壇之浦の古戦場跡の源義経像 写真/アフロ

(城郭・戦国史研究家:西股 総生)

鎌倉殿の時代(14)上総介広常粛清の背景(前編)https://jbpress.ismedia.jp/articles/-/69770
鎌倉殿の時代(15)上総介広常粛清の背景(後編)https://jbpress.ismedia.jp/articles/-/69771

一ノ谷に厳重な防禦陣地を構えた平家軍

 前回「長いナイフの夜」の話を引き合いに出したので、今回も一ノ谷の合戦を説明するにあたって、近代戦の話を引き合いに出してみましょう。

 第1次世界大戦が終わったのち、フランスはドイツを仮想敵国とみなして、ドイツとの国境にマジノ線という強力な要塞地帯を築きあげました。ただ、友好国であるベルギーとの国境には要塞を築くわけにはゆきません。それでも、ベルギーとの国境地帯であるアルデンヌ高原には深い森が広がっていて、戦車やトラックなどの大部隊は通れない、と考えられていました。

 ところが1940年の5月、地形を研究したドイツ軍は、戦車を主力とした機甲部隊でアルデンヌの森を踏破し、フランスになだれこんだのです。この電撃戦(ブリッツクリーク)によってフランス軍の主力はたちまち崩壊し、ドイツは短期間でフランスを屈服させてしまいました。

 話を元暦元年(1184)の日本に戻しましょう。都を追い落とされた平家は、西国で勢力を盛り返して摂津の福原まで戻ってきました。福原は、かつて清盛が都を移そうとした港湾都市です。そして、福原を中心として東は生田の森、西は一ノ谷に厳重な防禦陣地を構えて、鎌倉軍の攻撃に備えました。

能福寺(兵庫市神戸区)にある平相国廟(平清盛廟) 写真/PIXTA

 対する鎌倉方は、範頼の率いる大手軍が東の生田方面から、義経の搦手軍は西の一ノ谷から、それぞれ総攻撃をかけるという作戦を立てました。義経の搦手軍は摂津の山の中を通り、播磨に入ったあたりで海辺に出て、一ノ谷に向かう手はずです。
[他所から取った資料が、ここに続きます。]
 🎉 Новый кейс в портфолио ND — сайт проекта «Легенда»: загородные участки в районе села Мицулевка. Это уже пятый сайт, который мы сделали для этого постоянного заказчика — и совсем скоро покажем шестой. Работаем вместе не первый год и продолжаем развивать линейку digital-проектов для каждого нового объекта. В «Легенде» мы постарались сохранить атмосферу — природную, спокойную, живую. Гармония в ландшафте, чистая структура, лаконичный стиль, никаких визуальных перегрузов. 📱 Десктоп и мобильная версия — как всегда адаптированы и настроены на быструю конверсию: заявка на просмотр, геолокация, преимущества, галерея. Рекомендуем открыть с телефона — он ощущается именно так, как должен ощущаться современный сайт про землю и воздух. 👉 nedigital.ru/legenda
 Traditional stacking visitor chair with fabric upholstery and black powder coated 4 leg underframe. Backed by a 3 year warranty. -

 もちろん、平家方もバカではありませんから、山側からの攻撃も警戒していました。山側から福原に下ってる道沿いに防禦陣地を構えて守備隊を配置し、さらに平資盛に別働隊を預けて、三草山(みくさやま)という所で鎌倉方を迎え撃とうとしていたのです。

一ノ谷から見た神戸市須磨区 写真/PIXTA

 一方、三草山の資盛隊を夜襲で蹴散らした義経は、しばらく山中を進みましたが、途中から急に作戦を変えました。搦手軍の主力は、副将である土肥実平らに預けて、予定どおり海沿いから一ノ谷に向かわせることとし、自分は少数の精鋭部隊を率いて、山の中の獣道へと分け入っていたのです。

 この時代、軍の主力は騎馬武者です。強力な鎧で防禦され、自在に走り回る馬の上から次々に矢を放つ騎馬武者は、歩兵では対抗できません。この時代の騎馬武者は、近代戦における戦車のような存在だったのです。
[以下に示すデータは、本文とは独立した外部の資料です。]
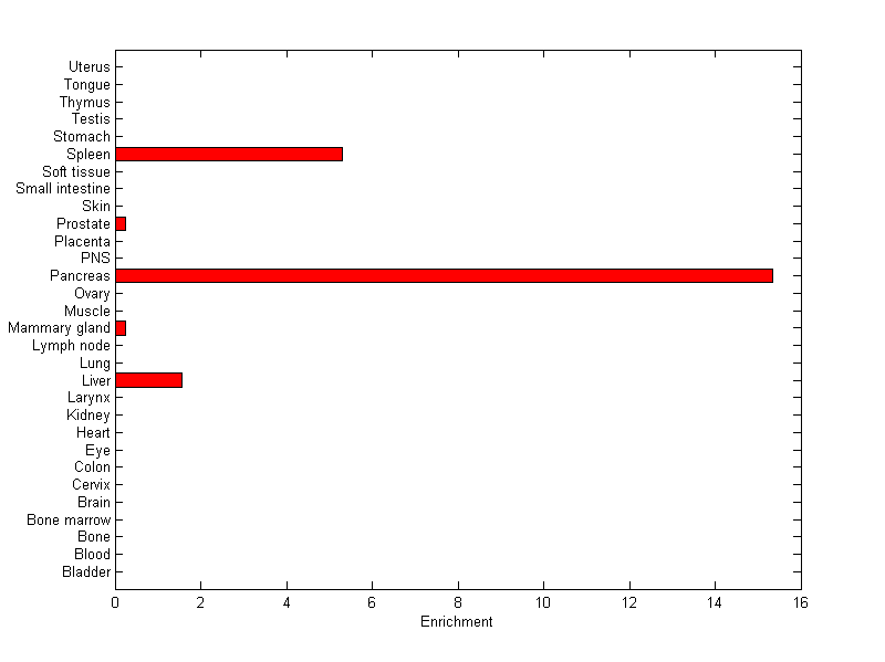 The expression level is normalized with tissue-library size. Each value for a gene in a tissue is a ratio of observed ESTs to the expected one in this tissue. The expected number of ESTs is the product of total ESTs of the gene and the fraction of total ESTs in the tissue among all ESTs in 30 tissues.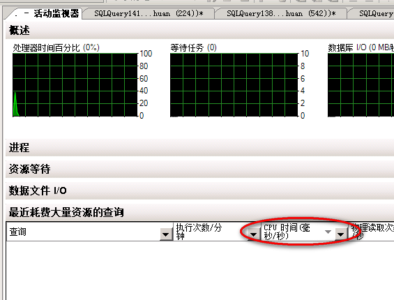 2、從最容易入手的低效SQL開始,考慮是不是最近業(yè)務(wù)做了什么修改?連接到該SQL實例,打開活動監(jiān)視器,展開“最近耗費大量資源的查詢”,并CPU時間倒序,在這里并未發(fā)現(xiàn)有即時的耗費資源的查詢。據(jù)個人經(jīng)驗,這里的值如果是4位數(shù),分鐘內(nèi)執(zhí)行次數(shù)3位數(shù),一般的服務(wù)器CPU大概就10%以上,如果cpu時間那里是5位數(shù),且分鐘內(nèi)執(zhí)行次數(shù)也很高,幾百次以上,那CPU一般就會不淡定了。圖片僅為演示

 ただし、騎馬武者はひらけた土地では威力を発揮しますが、道のない山や森の中では身動きが取れません。つまり、道のない山の中から騎馬武者隊が攻撃してくるという事態は、常識外・想定外だったのです。

 義経は、少数精鋭の機動力を利用して、この常識を打ち破りました。まったく予想もできなかった山の中から、突如として現れた義経隊の攻撃によって、平家の陣は大混乱に陥ったのです。(つづく)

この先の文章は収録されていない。